Prompt: Retype the records below exactly as they stand, but with no images.

Task data:
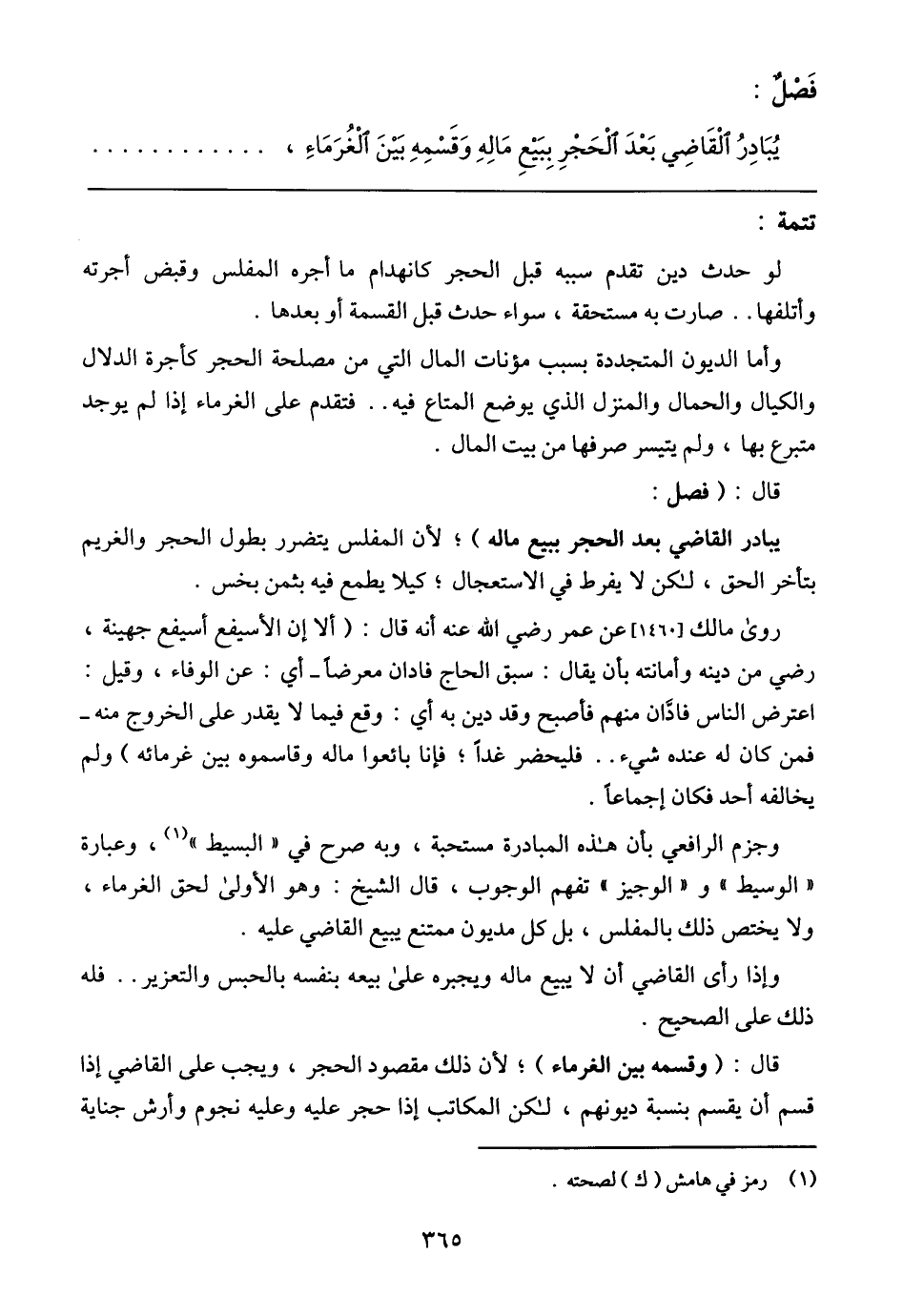 روى مالك [1460] عن عمر رضي الله عنه أنه قال: (ألا إن الأسيفع أسيفع جهينة، رضي من دينه وأمانته بأن يقال: سبق الحاج فادان معرضًا -أي: عن الوفاء، وقيل: اعترض الناس فادَّان منهم فأصبح وقد دين به أي: وقع فيما لا يقدر على الخروج منه- فمن كان له عنده شيء .. فليحضر غدًا؛ فإنا بائعوا ماله وقاسموه بين غرمائه) ولم يخالفه أحد فكان إجماعًا.
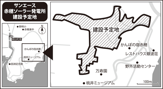 事業者は建設に必要な赤穂市の許可をすでに取得。甲子園球場よりも広い計画面積に地元からは自然環境と災害への影響を懸念する声が上がっている。
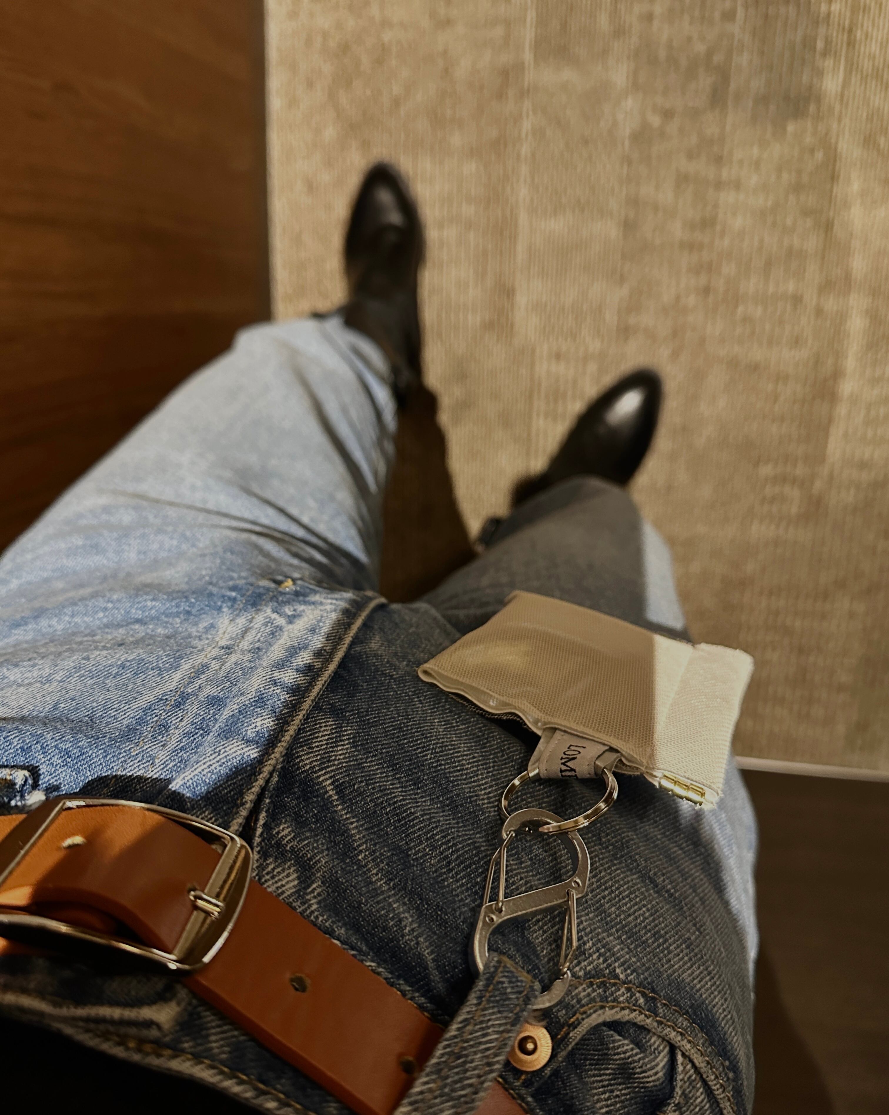 サブポケットとしてコーディネートの邪魔にならないようにシンプルなデザインに仕上げました。
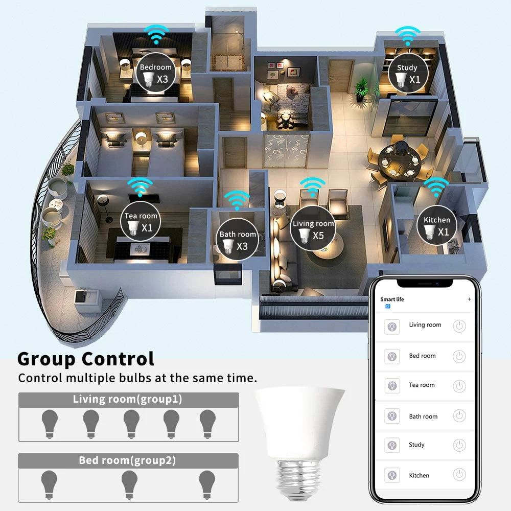 Умная Светодиодная лампа E27, удобное управление через приложение, совместима с Alexa Google Assistant, с голосовым управлением, с регулируемой яркостью, Wi-Fi, 5-20 Вт
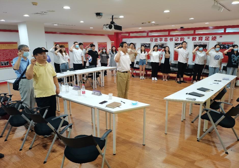 教师代表寄语后,全体党员同志在张庆春老师的带领下重温了入党誓词,会议在响亮的宣誓声中圆满落幕。
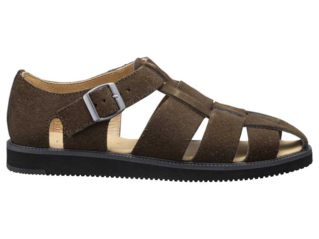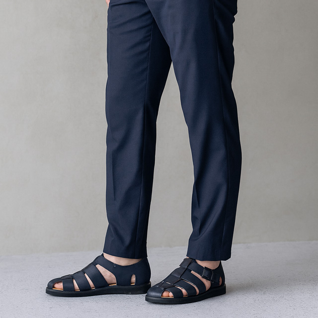 存在感のある厚手アッパー素材に軽量EVAソールを組み合わせたグルカサンダル。美錠裏にはゴムを配し脱ぎ履きも容易な仕様。
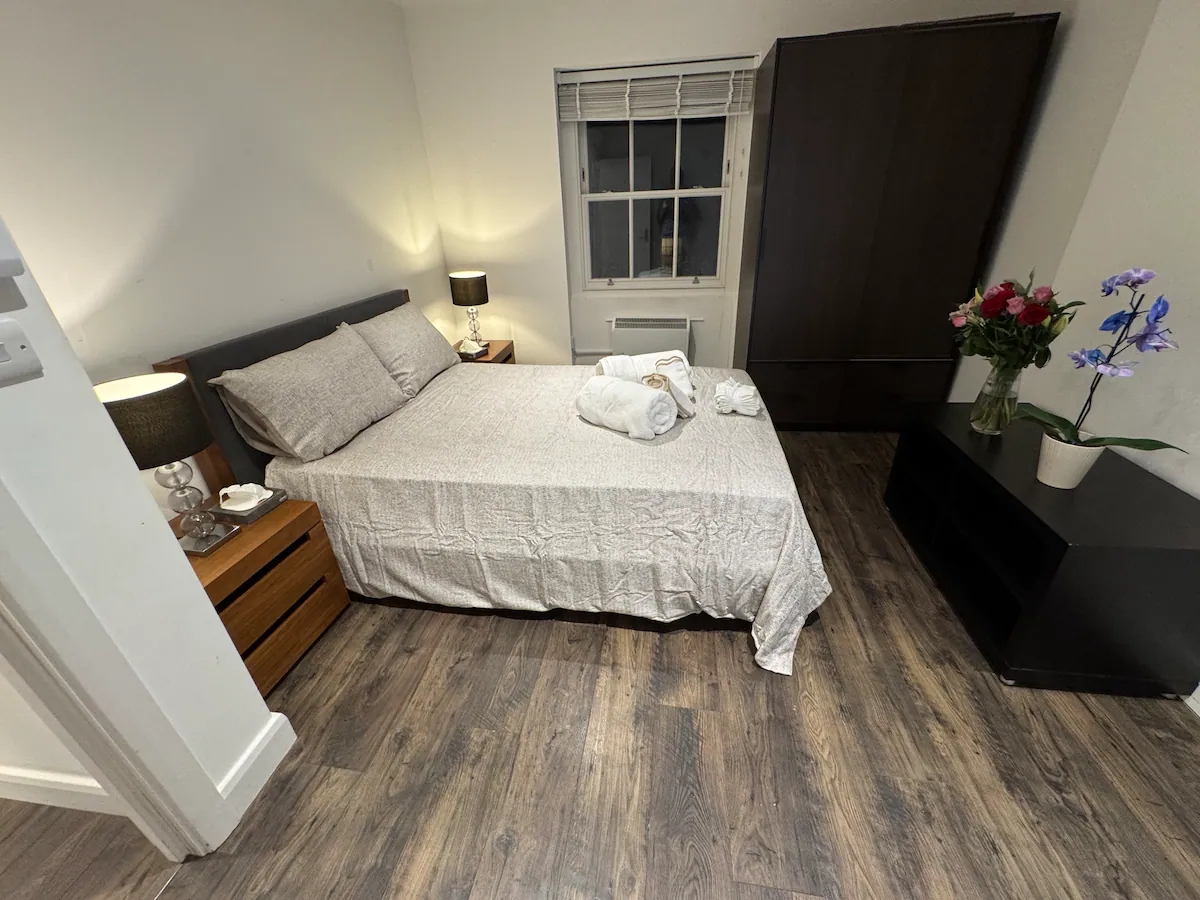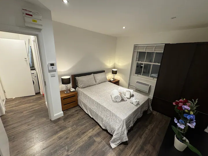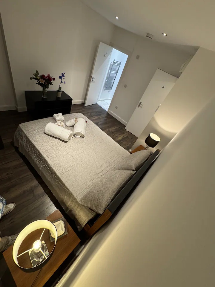 Experience a delightful stay with your whole family in our charming 2-bedroom en-suite apartment located in the vibrant Camden Town. Each bedroom comes with its own private bathroom, ensuring maximum comfort and privacy for all guests. The modern kitchen is fully equipped, perfect for preparing family meals. Enjoy the lively atmosphere of Camden with its unique shops, eateries, and attractions just a short walk away. Ideal for a memorable and enjoyable family getaway.
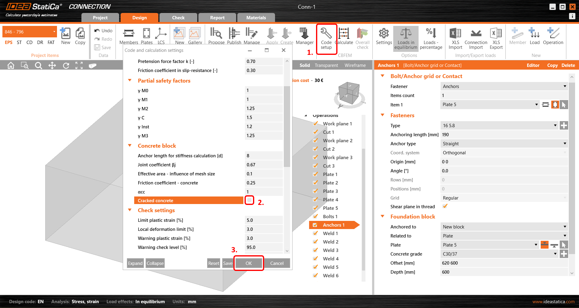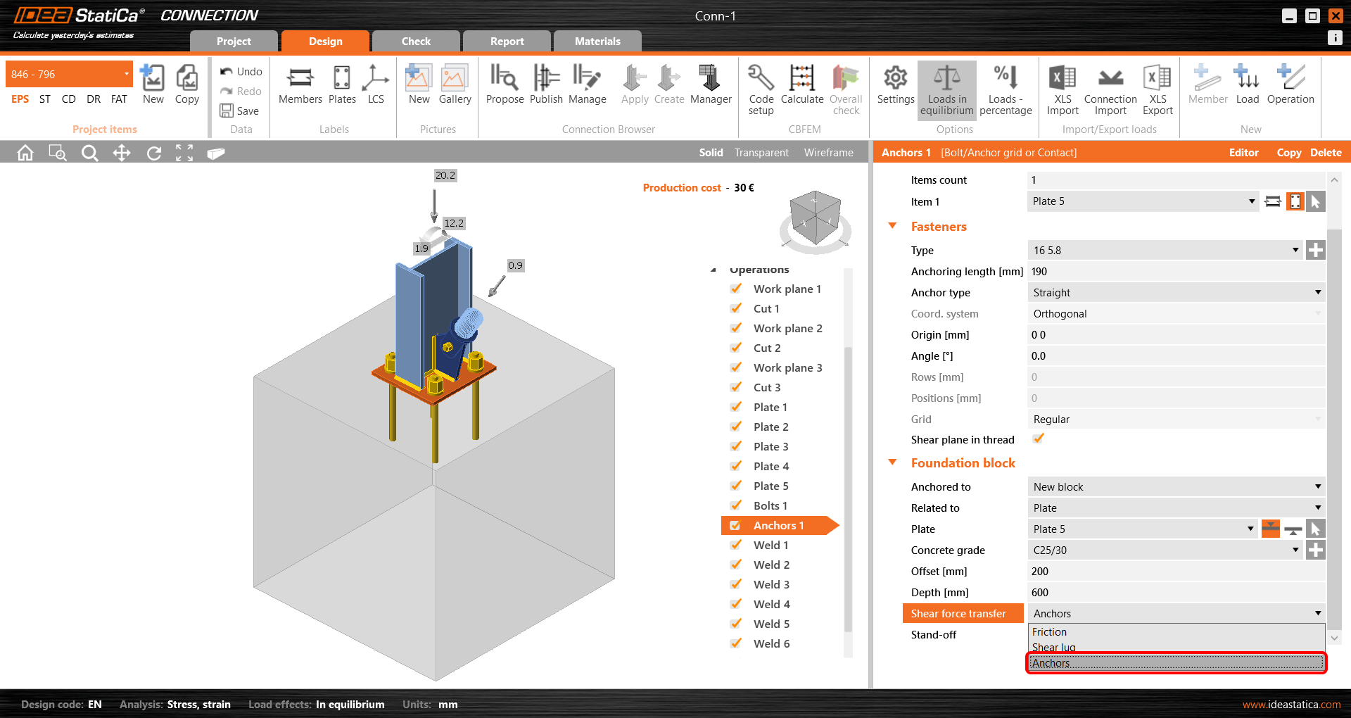 Upravte vlastnosti kotev a betonového bloku. Vyberte možnost Střihová rovina v závitu. Nastavte hodnotu Odsazení na 200 mm. Změňte Třídu betonu na C25/30.
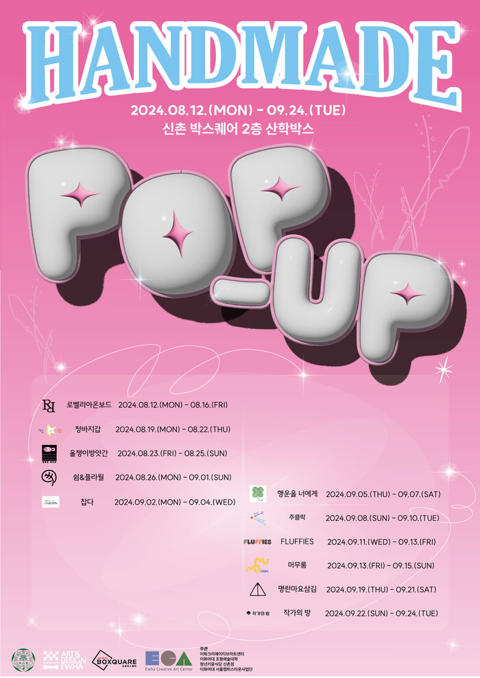 핸드메이드 팝업스토어에 대한 자세한 내용은 신촌 박스퀘어 홈페이지와 인스타그램에서 확인할 수 있다.
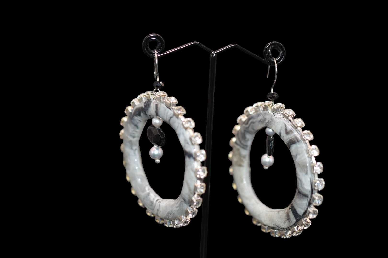 White and Black Polymer Clay Earrings with Semiprecious stone's
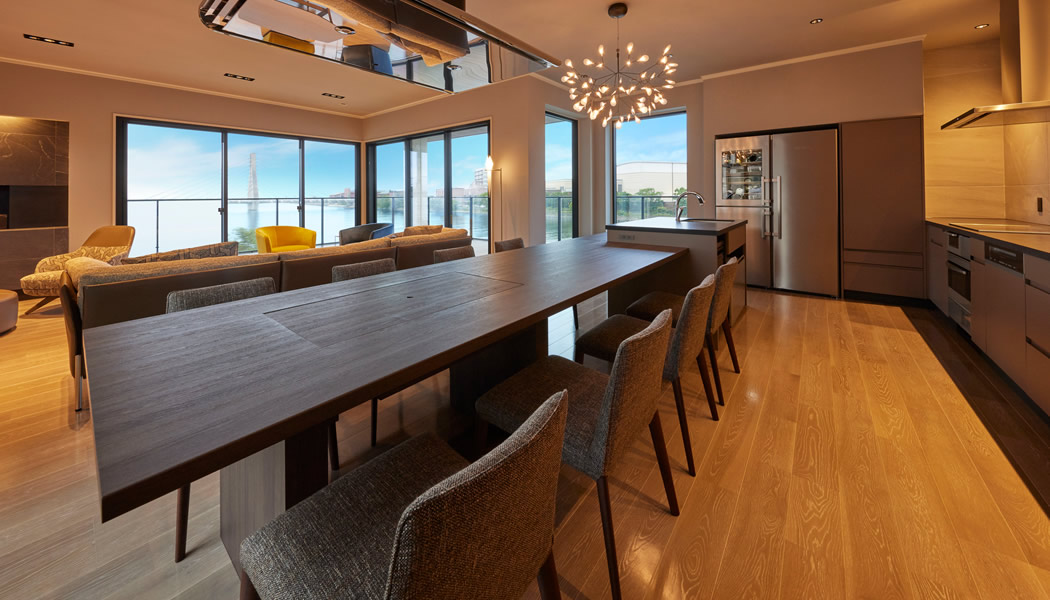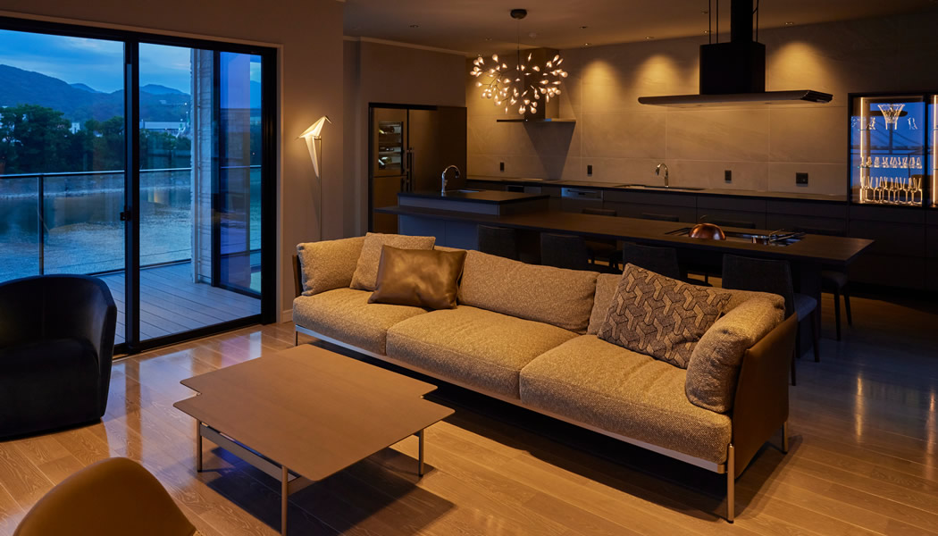 リビング:夜はしっとりと過(guò)ごせる様、照明はグレアレスを使用、窓への映り込みが無(wú)い為、夜景を綺麗に眺められます。
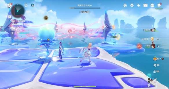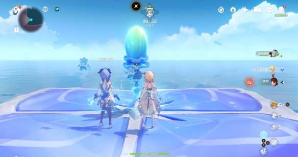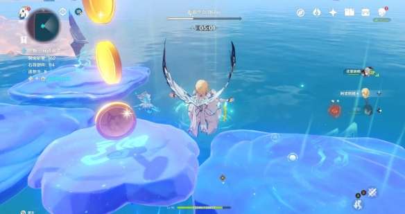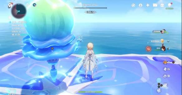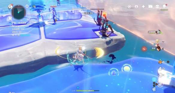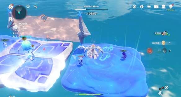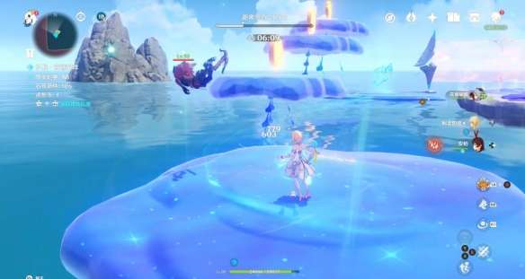 和之前一样 将丘丘人击入水中即可 不用打败他 石筏靠近平台 丘丘人浮现 石筏远离平台 丘丘人消失
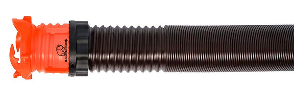 This 5' sewer hose extension features 23 mils of heavy-duty polyolefin reinforced with steel wire, locking rings, and 360 degree swivel fittings. The RhinoFLEX hose clicks into the shape you want and remains rigid. It's tested down to -40 degrees F and fits in a 4-inch RV bumper.
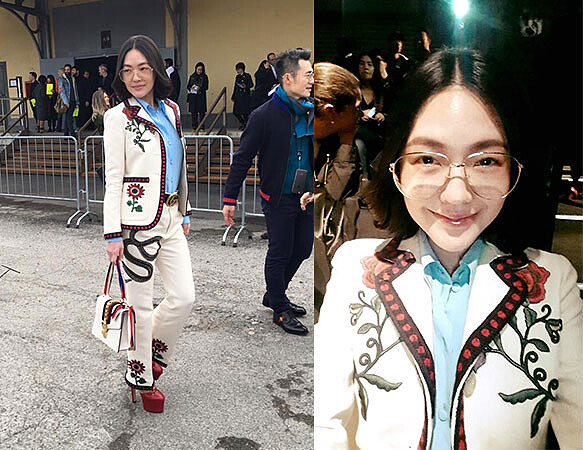 小S抵達米蘭後參加的第一場秀就是GUCCI,身穿一襲上一季2016春夏秀服,花卉圖騰的紅色滾邊白西裝,搭配緞帶背帶的新包款Sylvie和細框金邊墨鏡,跳脫不同以往的性感造型,搖身變為GUCCI最擅長的時髦怪文青風格,讓人耳目一新。秀後接受訪問時,小S也逗趣表示,她試了非常多套,但就覺得這套並非所有人都能駕馭,所以她一定要嘗試看看,聊到穿著紅色厚底高跟鞋出場的心情,小S則說:「感覺就像在練核心肌群一樣!要很ㄍ一ㄥ!」接下來即將出席總是噱頭十足的Moschino大秀,小S又會以什麼造型出招呢?讓人相當期待!

Task solution:
 روى مالك [1460] عن عمر رضي الله عنه أنه قال: (ألا إن الأسيفع أسيفع جهينة، رضي من دينه وأمانته بأن يقال: سبق الحاج فادان معرضًا -أي: عن الوفاء، وقيل: اعترض الناس فادَّان منهم فأصبح وقد دين به أي: وقع فيما لا يقدر على الخروج منه- فمن كان له عنده شيء .. فليحضر غدًا؛ فإنا بائعوا ماله وقاسموه بين غرمائه) ولم يخالفه أحد فكان إجماعًا.
 事業者は建設に必要な赤穂市の許可をすでに取得。甲子園球場よりも広い計画面積に地元からは自然環境と災害への影響を懸念する声が上がっている。
 サブポケットとしてコーディネートの邪魔にならないようにシンプルなデザインに仕上げました。
 Умная Светодиодная лампа E27, удобное управление через приложение, совместима с Alexa Google Assistant, с голосовым управлением, с регулируемой яркостью, Wi-Fi, 5-20 Вт
 教师代表寄语后,全体党员同志在张庆春老师的带领下重温了入党誓词,会议在响亮的宣誓声中圆满落幕。
 存在感のある厚手アッパー素材に軽量EVAソールを組み合わせたグルカサンダル。美錠裏にはゴムを配し脱ぎ履きも容易な仕様。
 Experience a delightful stay with your whole family in our charming 2-bedroom en-suite apartment located in the vibrant Camden Town. Each bedroom comes with its own private bathroom, ensuring maximum comfort and privacy for all guests. The modern kitchen is fully equipped, perfect for preparing family meals. Enjoy the lively atmosphere of Camden with its unique shops, eateries, and attractions just a short walk away. Ideal for a memorable and enjoyable family getaway.
 Upravte vlastnosti kotev a betonového bloku. Vyberte možnost Střihová rovina v závitu. Nastavte hodnotu Odsazení na 200 mm. Změňte Třídu betonu na C25/30.
 핸드메이드 팝업스토어에 대한 자세한 내용은 신촌 박스퀘어 홈페이지와 인스타그램에서 확인할 수 있다.
 White and Black Polymer Clay Earrings with Semiprecious stone's
 リビング:夜はしっとりと過(guò)ごせる様、照明はグレアレスを使用、窓への映り込みが無(wú)い為、夜景を綺麗に眺められます。
 和之前一样 将丘丘人击入水中即可 不用打败他 石筏靠近平台 丘丘人浮现 石筏远离平台 丘丘人消失
 This 5' sewer hose extension features 23 mils of heavy-duty polyolefin reinforced with steel wire, locking rings, and 360 degree swivel fittings. The RhinoFLEX hose clicks into the shape you want and remains rigid. It's tested down to -40 degrees F and fits in a 4-inch RV bumper.
 小S抵達米蘭後參加的第一場秀就是GUCCI,身穿一襲上一季2016春夏秀服,花卉圖騰的紅色滾邊白西裝,搭配緞帶背帶的新包款Sylvie和細框金邊墨鏡,跳脫不同以往的性感造型,搖身變為GUCCI最擅長的時髦怪文青風格,讓人耳目一新。秀後接受訪問時,小S也逗趣表示,她試了非常多套,但就覺得這套並非所有人都能駕馭,所以她一定要嘗試看看,聊到穿著紅色厚底高跟鞋出場的心情,小S則說:「感覺就像在練核心肌群一樣!要很ㄍ一ㄥ!」接下來即將出席總是噱頭十足的Moschino大秀,小S又會以什麼造型出招呢?讓人相當期待!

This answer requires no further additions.